§ Activity: Print the entries below word for word; the pictures stay out of your copy.

Source records:
========================
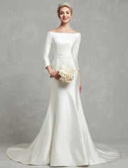 wholesale Casual Fall Wedding Dresses Mermaid / Trumpet Off Shoulder 3/4 Length Sleeve Chapel Train Satin Bridal Gowns With Pleats Summer Wedding Party - US 2 / UK 6 / EU 32
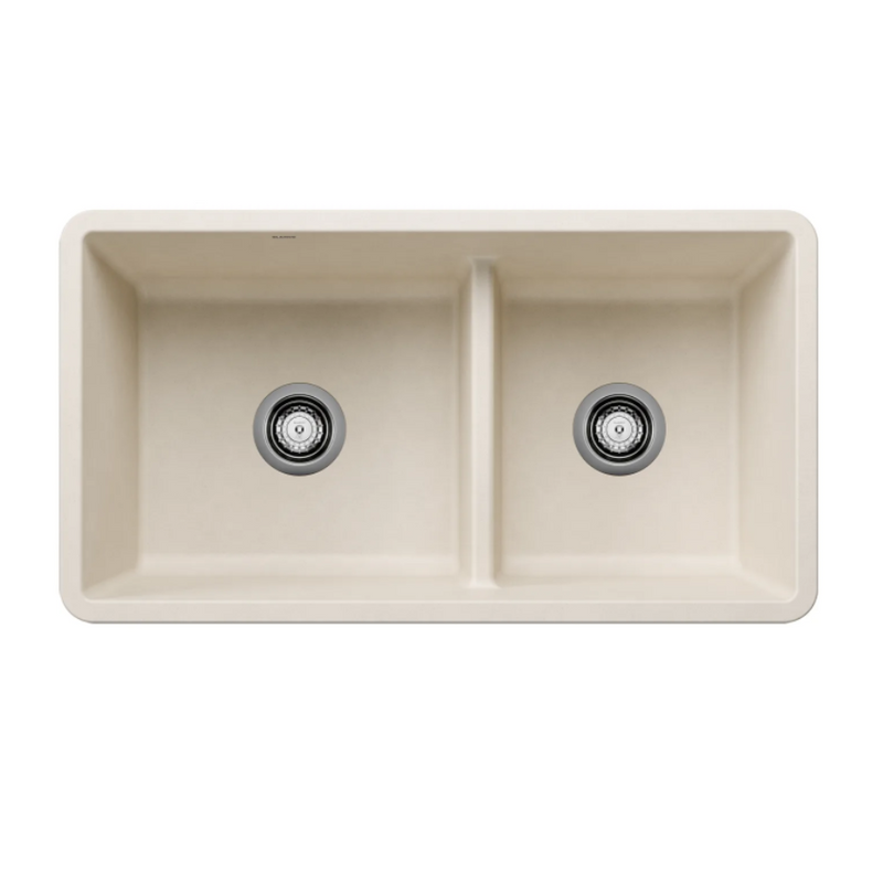 443080 - Precis SILGRANIT 33" 60/40 Reversible Double Bowl Undermount Kitchen Sink with Low Divide - Soft White
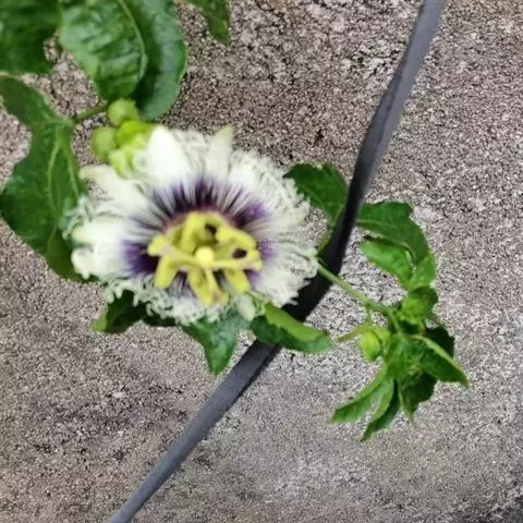聚伞花序退化仅存1花,与卷须对生。花白色或淡紫色,具白斑,直径约2-3厘米;苞片3枚,一至三回羽状分裂,裂片丝状,顶端具腺毛;萼片5枚,长1.5厘米,外面近顶端具1角状附属器;花瓣5枚,与萼片等长;外副花冠裂片3-5轮,丝状,外2轮裂片长4-5毫米,内3轮裂片长约2.5毫米;内副花冠非褶状,膜质,高1-1.5毫米;具花盘,杯状,高约1-2毫米;雌雄蕊柄长5-7毫米;雄蕊5枚,花丝基部合生,扁平;花药长圆形,长约4毫米;子房椭圆球形,长约6毫米,具短柄,被稀疏腺毛或无毛;花柱3(-4)枚,长5-6毫米,柱头头状。
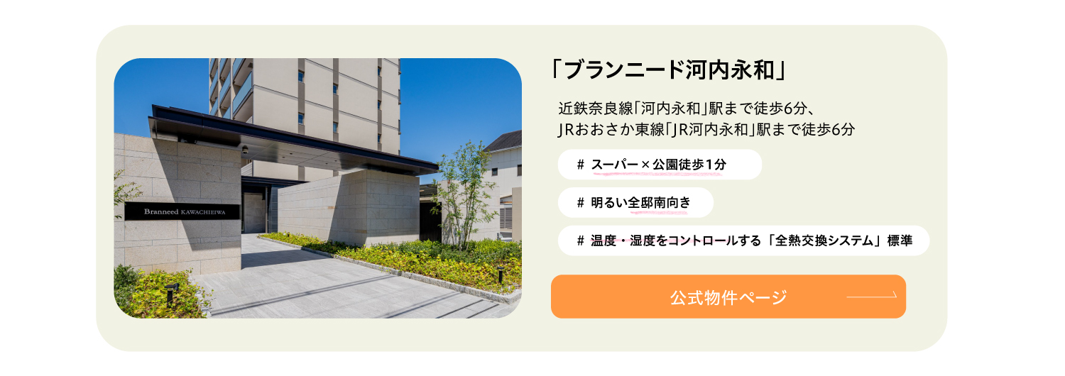 近鉄奈良線「河内永和」駅まで徒歩6分、JRおおさか東線「JR河内永和」駅まで徒歩6分と、2路線が利用できる利便性の高い立地。スーパーと公園が徒歩1分にあり、日常生活のしやすさが魅力です。全邸南向きの明るい住まいに加え、温度・湿度をコントロールする「全熱交換システム」を標準装備。家族の健康と快適さを守る、住まいがここにあります。
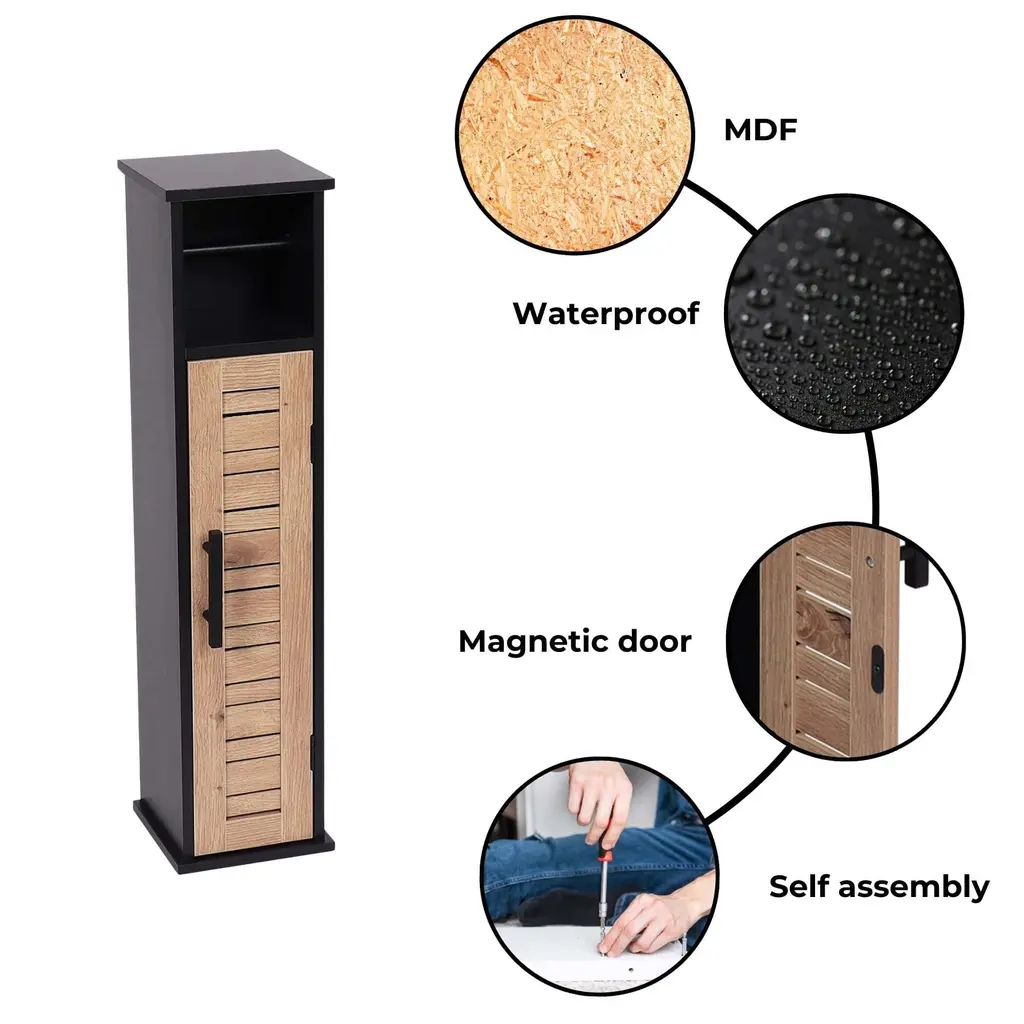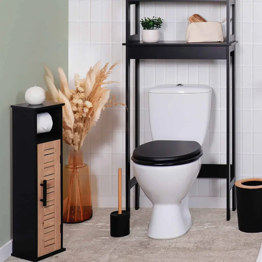 Keep your bathroom organized and stylish with this Toilet Paper Holder with Storage. Made from bamboo or MDF with a natural finish, this bathroom cabinet fits snugly next to your toilet. It uses vertical space effectively. Moreover, this floor cabinet is perfect for small bathrooms or spaces where storage is limited. It offers a chic and practical solution. The top compartment provides easy access to a single roll of toilet paper. In addition, the door below opens to reveal an adjustable shelf. It allows you to store rolls or other bathroom essentials like cleaning products or small toiletries. Furthermore, the magnetic door ensures secure storage while providing a smooth, easy-to-use opening mechanism. Moreover, with simple assembly instructions and all the required hardware included, this bathroom storage cabinet is quick to put together. It´s an ideal choice for those looking for a hassle-free storage option. Compact yet spacious, this toilet storage cabinet is an excellent choice for homeowners looking for functional storage without sacrificing style.
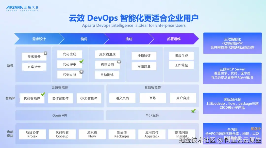 到这里,AI 原生架构已经基本覆盖智能体快速开发与部署、智能体与存量系统融合以及智能体的稳定运行,但距离真正的规模化落地还差"最后一公里"。也就是如何将这套全新的智能体开发范式融入到企业现有的 DevOps 流程。
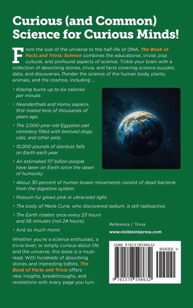Entertaining, informative, and enlightening! Educational, eyebrow-raising, and profound. Science has never been this much fun! Take a weird and wonderful tour of the every branch of science with this treat of stories, trivia, and facts! From Earth's weight gain thanks to the many tons of cosmic dust that falls on the planet each year to William A. Mitchell, the inventor of Tang, Cool Whip, and Pop Rocks candy, The Book of Facts and Trivia: Science combines the educational, profound, and trivial into a fascinating collection of science facts! You’ll learn about yourself and the world through hundreds of absorbing stories and interesting tidbits such as … Kissing burns up to six calories per minute. One teaspoon of neuron star weighs about 10 million tons. There are more than 2 million ants for every single person on Earth. That’s approximately 20 quadrillion ants! Neanderthals and Homo sapiens first mated tens of thousands of years ago. Under the right conditions, some dogs - the super-scenters – can smell you some 12 miles away. Nine out of 10 mothers of newborns, after having spent as little as 10 minutes with their babies, can identify their infant by smell. The body of Marie Curie (1867-1934), the physicist who discovered radium, is still radioactive. The first multiplication tables were used around 2000 B.C.E. by the Babylonians. Star Trek characters used devices that looked and acted quite a bit like cell phones-well before the technology came to market. Touchscreen computers too. And many more science facts! An absorbing guide to science answers, The Book of Facts and Trivia will treat you to a smorgasbord of stories, trivia, and facts!
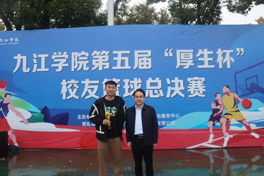 金秋十月,天高云淡。10月26日下午,九江学院第五届“厚生杯”校友足球、篮球总决赛在九江学院北区足球场和濂溪区篮球公园顺利举行。校党委书记李明斌,校党委委员、副校长、校友会会长查振华到场观看比赛。李明斌为校友足球、篮球总决赛冠军球队,“最有价值球员”以及“MVP”颁发奖杯与锦旗,查振华为校友足球、篮球总决赛亚军球队颁发奖杯与锦旗,并依次为两场比赛开球。
========================
§ Output for this exercise:
 wholesale Casual Fall Wedding Dresses Mermaid / Trumpet Off Shoulder 3/4 Length Sleeve Chapel Train Satin Bridal Gowns With Pleats Summer Wedding Party - US 2 / UK 6 / EU 32
 443080 - Precis SILGRANIT 33" 60/40 Reversible Double Bowl Undermount Kitchen Sink with Low Divide - Soft White
聚伞花序退化仅存1花,与卷须对生。花白色或淡紫色,具白斑,直径约2-3厘米;苞片3枚,一至三回羽状分裂,裂片丝状,顶端具腺毛;萼片5枚,长1.5厘米,外面近顶端具1角状附属器;花瓣5枚,与萼片等长;外副花冠裂片3-5轮,丝状,外2轮裂片长4-5毫米,内3轮裂片长约2.5毫米;内副花冠非褶状,膜质,高1-1.5毫米;具花盘,杯状,高约1-2毫米;雌雄蕊柄长5-7毫米;雄蕊5枚,花丝基部合生,扁平;花药长圆形,长约4毫米;子房椭圆球形,长约6毫米,具短柄,被稀疏腺毛或无毛;花柱3(-4)枚,长5-6毫米,柱头头状。
 近鉄奈良線「河内永和」駅まで徒歩6分、JRおおさか東線「JR河内永和」駅まで徒歩6分と、2路線が利用できる利便性の高い立地。スーパーと公園が徒歩1分にあり、日常生活のしやすさが魅力です。全邸南向きの明るい住まいに加え、温度・湿度をコントロールする「全熱交換システム」を標準装備。家族の健康と快適さを守る、住まいがここにあります。
 Keep your bathroom organized and stylish with this Toilet Paper Holder with Storage. Made from bamboo or MDF with a natural finish, this bathroom cabinet fits snugly next to your toilet. It uses vertical space effectively. Moreover, this floor cabinet is perfect for small bathrooms or spaces where storage is limited. It offers a chic and practical solution. The top compartment provides easy access to a single roll of toilet paper. In addition, the door below opens to reveal an adjustable shelf. It allows you to store rolls or other bathroom essentials like cleaning products or small toiletries. Furthermore, the magnetic door ensures secure storage while providing a smooth, easy-to-use opening mechanism. Moreover, with simple assembly instructions and all the required hardware included, this bathroom storage cabinet is quick to put together. It´s an ideal choice for those looking for a hassle-free storage option. Compact yet spacious, this toilet storage cabinet is an excellent choice for homeowners looking for functional storage without sacrificing style.
 到这里,AI 原生架构已经基本覆盖智能体快速开发与部署、智能体与存量系统融合以及智能体的稳定运行,但距离真正的规模化落地还差"最后一公里"。也就是如何将这套全新的智能体开发范式融入到企业现有的 DevOps 流程。
Entertaining, informative, and enlightening! Educational, eyebrow-raising, and profound. Science has never been this much fun! Take a weird and wonderful tour of the every branch of science with this treat of stories, trivia, and facts! From Earth's weight gain thanks to the many tons of cosmic dust that falls on the planet each year to William A. Mitchell, the inventor of Tang, Cool Whip, and Pop Rocks candy, The Book of Facts and Trivia: Science combines the educational, profound, and trivial into a fascinating collection of science facts! You’ll learn about yourself and the world through hundreds of absorbing stories and interesting tidbits such as … Kissing burns up to six calories per minute. One teaspoon of neuron star weighs about 10 million tons. There are more than 2 million ants for every single person on Earth. That’s approximately 20 quadrillion ants! Neanderthals and Homo sapiens first mated tens of thousands of years ago. Under the right conditions, some dogs - the super-scenters – can smell you some 12 miles away. Nine out of 10 mothers of newborns, after having spent as little as 10 minutes with their babies, can identify their infant by smell. The body of Marie Curie (1867-1934), the physicist who discovered radium, is still radioactive. The first multiplication tables were used around 2000 B.C.E. by the Babylonians. Star Trek characters used devices that looked and acted quite a bit like cell phones-well before the technology came to market. Touchscreen computers too. And many more science facts! An absorbing guide to science answers, The Book of Facts and Trivia will treat you to a smorgasbord of stories, trivia, and facts!
 金秋十月,天高云淡。10月26日下午,九江学院第五届“厚生杯”校友足球、篮球总决赛在九江学院北区足球场和濂溪区篮球公园顺利举行。校党委书记李明斌,校党委委员、副校长、校友会会长查振华到场观看比赛。李明斌为校友足球、篮球总决赛冠军球队,“最有价值球员”以及“MVP”颁发奖杯与锦旗,查振华为校友足球、篮球总决赛亚军球队颁发奖杯与锦旗,并依次为两场比赛开球。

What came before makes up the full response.